Work task -> Look through the entries below and extract exactly the lines from the one containing "Sport destaca en" through the one containing "会計時にカウンターへ持ってい", ends included.

Records supplied ->

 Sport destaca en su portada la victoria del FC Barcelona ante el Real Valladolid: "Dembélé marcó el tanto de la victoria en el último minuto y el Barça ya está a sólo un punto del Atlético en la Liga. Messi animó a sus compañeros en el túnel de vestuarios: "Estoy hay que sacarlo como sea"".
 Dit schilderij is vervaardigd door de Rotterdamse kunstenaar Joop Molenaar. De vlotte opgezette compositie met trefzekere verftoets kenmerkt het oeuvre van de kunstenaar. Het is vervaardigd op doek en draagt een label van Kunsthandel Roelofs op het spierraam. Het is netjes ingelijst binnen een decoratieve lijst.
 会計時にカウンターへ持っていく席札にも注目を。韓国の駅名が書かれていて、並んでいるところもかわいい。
---
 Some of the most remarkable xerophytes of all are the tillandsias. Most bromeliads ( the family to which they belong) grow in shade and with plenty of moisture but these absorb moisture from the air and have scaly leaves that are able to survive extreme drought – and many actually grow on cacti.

Reply ->
 Sport destaca en su portada la victoria del FC Barcelona ante el Real Valladolid: "Dembélé marcó el tanto de la victoria en el último minuto y el Barça ya está a sólo un punto del Atlético en la Liga. Messi animó a sus compañeros en el túnel de vestuarios: "Estoy hay que sacarlo como sea"".
 Dit schilderij is vervaardigd door de Rotterdamse kunstenaar Joop Molenaar. De vlotte opgezette compositie met trefzekere verftoets kenmerkt het oeuvre van de kunstenaar. Het is vervaardigd op doek en draagt een label van Kunsthandel Roelofs op het spierraam. Het is netjes ingelijst binnen een decoratieve lijst.
 会計時にカウンターへ持っていく席札にも注目を。韓国の駅名が書かれていて、並んでいるところもかわいい。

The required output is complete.